The arrival of De Quincey's letter coincided with the beginnings of two important new friendships in Wordsworth's life. The first was with Sir George Beaumont, a landowner and amateur painter who was currently renting part of Greta Hall in Keswick, where Coleridge was also now living. Sir George and his wife had come in June, said Coleridge, ‘half-mad to see Wordsworth'; not only were they admirers of
Lyrical Ballads
but Beaumont, as Walter Scott put it, ‘understood Wordsworth's poetry, which is
a rare thing
'. Coleridge, whose politics the Beaumonts were not disposed to like, soon charmed the couple; ‘as far as I can judge,' Sir George conceded, ‘a more amiable man with a more affectionate & kind heart does not exist'. Lady Beaumont, so Coleridge told Wordsworth, could not ‘keep the tears in her eye' when his poetry was read aloud, and when she ‘was reading your Poem on Cape RASH JUDGEMENT [‘A narrow girdle of rough stones and crags'] had you entered the room, she believes she should have fallen
at your feet
'.

In tribute to Wordsworth, Sir George presented him with the deeds to a plot of land at the head of Bassenthwaite, between Grasmere and Keswick: ‘
Plant it
delve it', Beaumont told him, ‘– & build upon it or not, as it suits your convenience, but let me live & die with the idea of the sweet place with its rocks, its banks, & mountain streams in possession of such a mind as yours'. De Quincey's offer of a bended knee had been trumped. Wordsworth did not build a house on the land, but it was through the influence and example of gentle Sir George that the poet found himself, as Byron put it, ‘a Tory at last'. ‘There can be no valuable friendship,' Wordsworth wrote to Beaumont, ‘where the parties are not mutually capable of instructing and delighting one another.'

The second valuable friendship to spring up like a wildflower was with Walter Scott himself, whom Wordsworth would meet on his tour of Scotland. So immediate was the sympathy between the two writers that Wordsworth signed himself, in a letter written to Scott on his return, ‘
Your sincere friend
', stressing that he was ‘slow to use a word of such solemn meaning to any one'.

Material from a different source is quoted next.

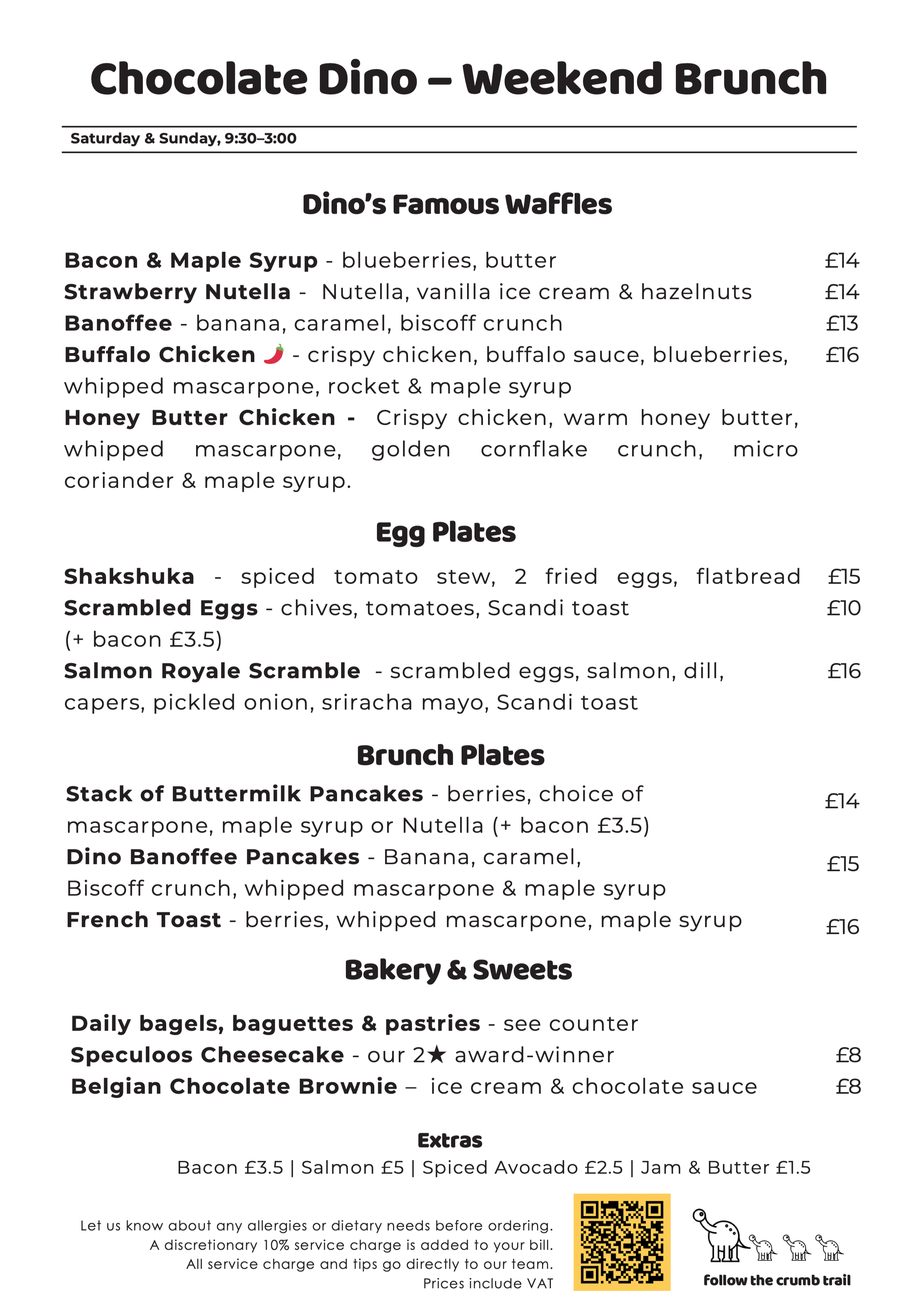 Our famous weekend brunch, served fresh at our Kennington Road bakery every Saturday and Sunday.

De Quincey's timing was unfortunate. Had he written to Wordsworth a few months earlier he might have gained more attention; had he written a few years earlier, he would have caught the poet in his hot youth rather than his staid middle age. Nor was De Quincey's letter the first from an admirer to arrive at the cottage; the previous summer Wordsworth had begun a correspondence with John Wilson, a robust, hearty and back-slappingly confident student at Oxford University. ‘
The Beau
', as Dorothy proudly called him, was ‘a very amiable young man. . . a friend and
adorer
of William and his verses'. Under the pseudonym ‘Christopher North', Wilson would become famous as a merciless reviewer for
Blackwood's
Magazine
, and he approached Wordsworth now as both critic and ‘adorer'. ‘
In your poems
,' Wilson wrote, ‘I discovered such marks of delicate feeling, such benevolence of disposition, and such knowledge of human nature as made an impression on my mind that nothing will ever efface.' His tribute paid, Wilson then assumed the fact of Wordsworth's friendship – ‘I may, perhaps, never have the happiness of seeing you, yet I will always consider you as a friend.' He addressed the poet as a man speaking to men, and as a man to whom it was possible to point out what Wilson felt were ‘errors' in his work: ‘no feeling, no state of mind ought, in my opinion', he wrote, ‘to become the subject of poetry, that does not please. . . you have described feelings with which I cannot sympathise, and situations in which I take no interest'. The offensive poem was ‘The Idiot Boy', and everyone he knew, John Wilson claimed, hated it as much as he did. De Quincey later described himself and John Wilson as the only ‘two persons' ‘intrepid' enough to ‘attach themselves to a banner not yet raised and planted'.